-- YOUR OBJECTIVE --
Make an exact copy, without pictures, of the lines below from the one containing "Продается 2комнатная квартира" to the last line, both ends included.

-- SOURCE DATA --
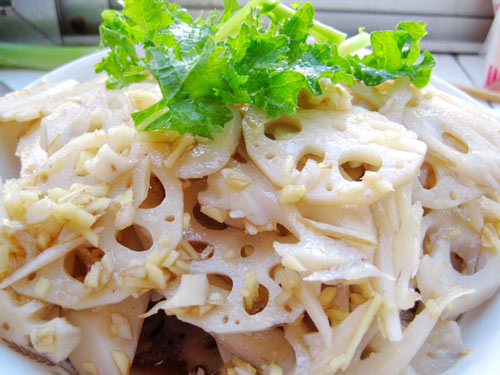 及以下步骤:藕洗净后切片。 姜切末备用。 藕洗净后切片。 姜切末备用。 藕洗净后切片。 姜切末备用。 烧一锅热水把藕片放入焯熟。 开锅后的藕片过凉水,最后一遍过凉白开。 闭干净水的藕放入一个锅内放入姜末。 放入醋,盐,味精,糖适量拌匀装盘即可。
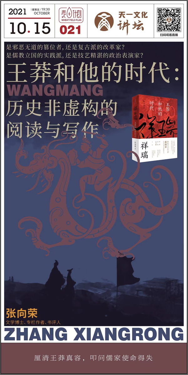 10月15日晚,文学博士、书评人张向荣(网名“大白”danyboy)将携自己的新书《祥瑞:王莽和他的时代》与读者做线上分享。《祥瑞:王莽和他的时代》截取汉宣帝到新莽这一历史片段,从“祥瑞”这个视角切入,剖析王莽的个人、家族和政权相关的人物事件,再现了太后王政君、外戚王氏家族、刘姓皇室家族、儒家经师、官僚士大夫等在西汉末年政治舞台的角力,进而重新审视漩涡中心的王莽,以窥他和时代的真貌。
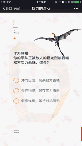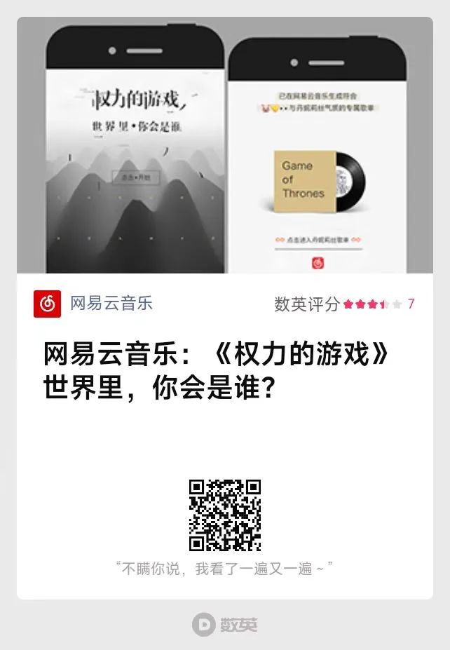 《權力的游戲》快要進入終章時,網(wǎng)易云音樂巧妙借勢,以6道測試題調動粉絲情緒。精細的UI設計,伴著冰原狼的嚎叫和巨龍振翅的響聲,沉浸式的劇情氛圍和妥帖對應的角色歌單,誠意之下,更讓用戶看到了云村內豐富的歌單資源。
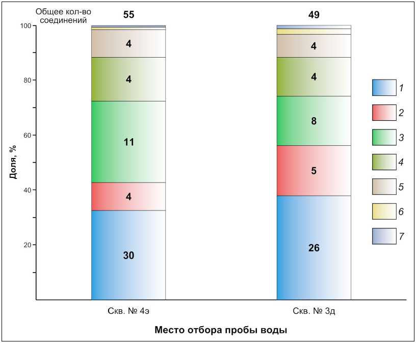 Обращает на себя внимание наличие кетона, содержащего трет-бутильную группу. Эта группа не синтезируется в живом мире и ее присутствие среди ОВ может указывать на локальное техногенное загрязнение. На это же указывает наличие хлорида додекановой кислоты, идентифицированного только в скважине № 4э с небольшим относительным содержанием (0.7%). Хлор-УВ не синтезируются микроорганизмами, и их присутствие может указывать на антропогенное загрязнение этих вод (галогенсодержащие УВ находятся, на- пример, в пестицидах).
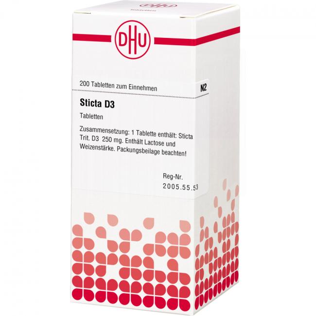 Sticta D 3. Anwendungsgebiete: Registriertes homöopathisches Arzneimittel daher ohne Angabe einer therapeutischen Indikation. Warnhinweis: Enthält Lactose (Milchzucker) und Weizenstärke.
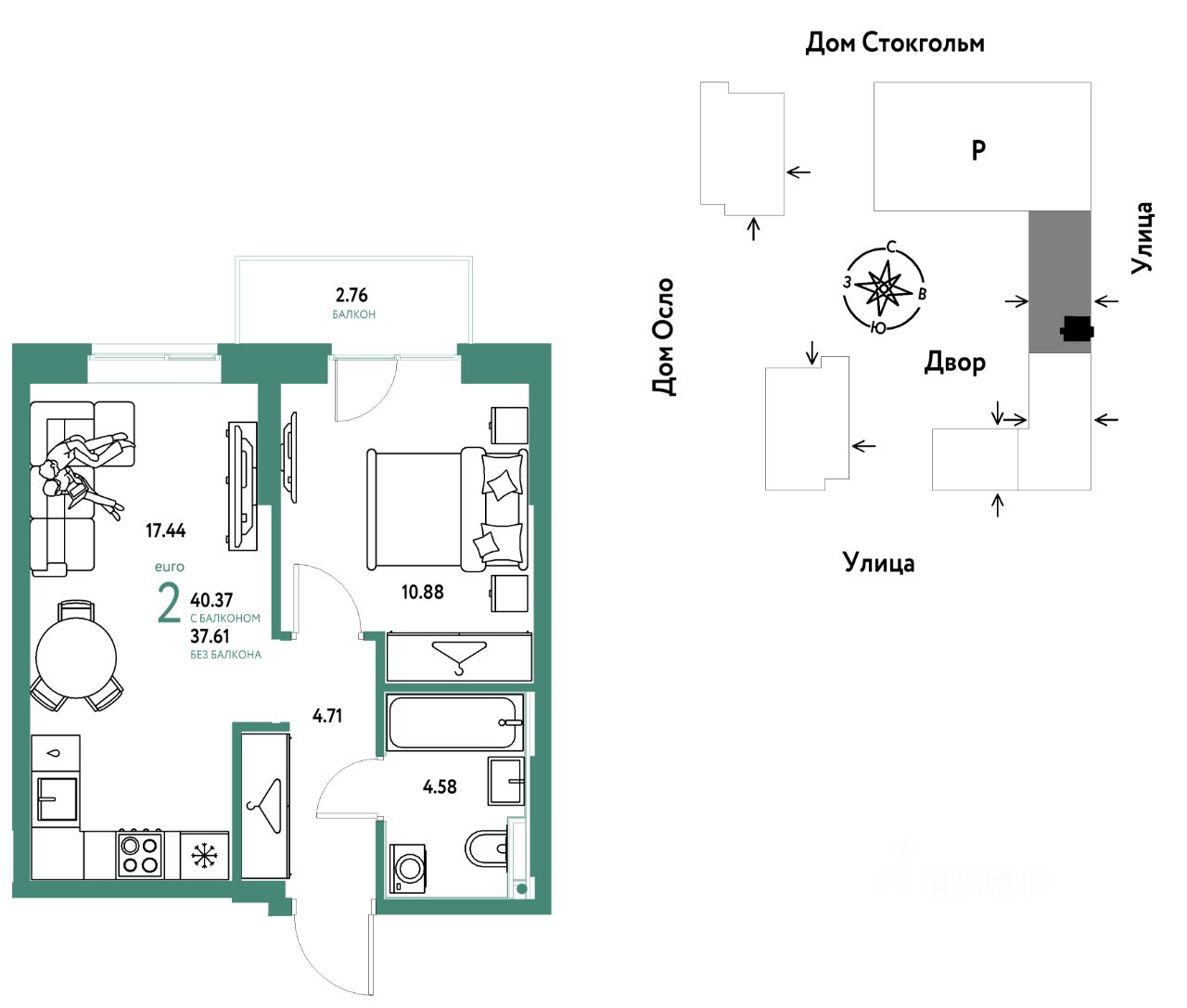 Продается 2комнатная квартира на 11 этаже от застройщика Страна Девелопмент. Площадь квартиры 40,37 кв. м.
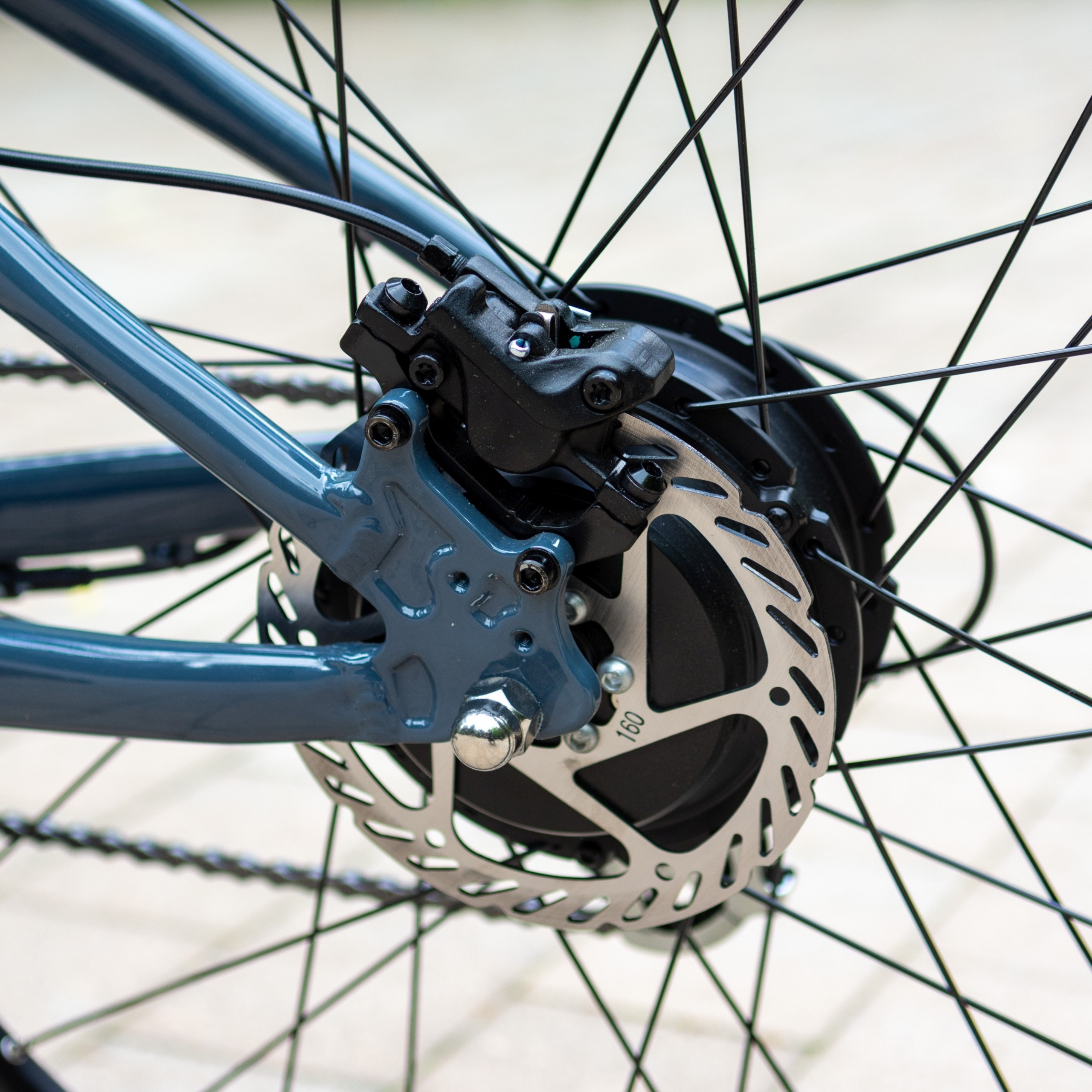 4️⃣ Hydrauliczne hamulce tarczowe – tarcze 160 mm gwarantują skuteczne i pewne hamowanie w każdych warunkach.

-- EXERCISE RESPONSE --
 Продается 2комнатная квартира на 11 этаже от застройщика Страна Девелопмент. Площадь квартиры 40,37 кв. м.
 4️⃣ Hydrauliczne hamulce tarczowe – tarcze 160 mm gwarantują skuteczne i pewne hamowanie w każdych warunkach.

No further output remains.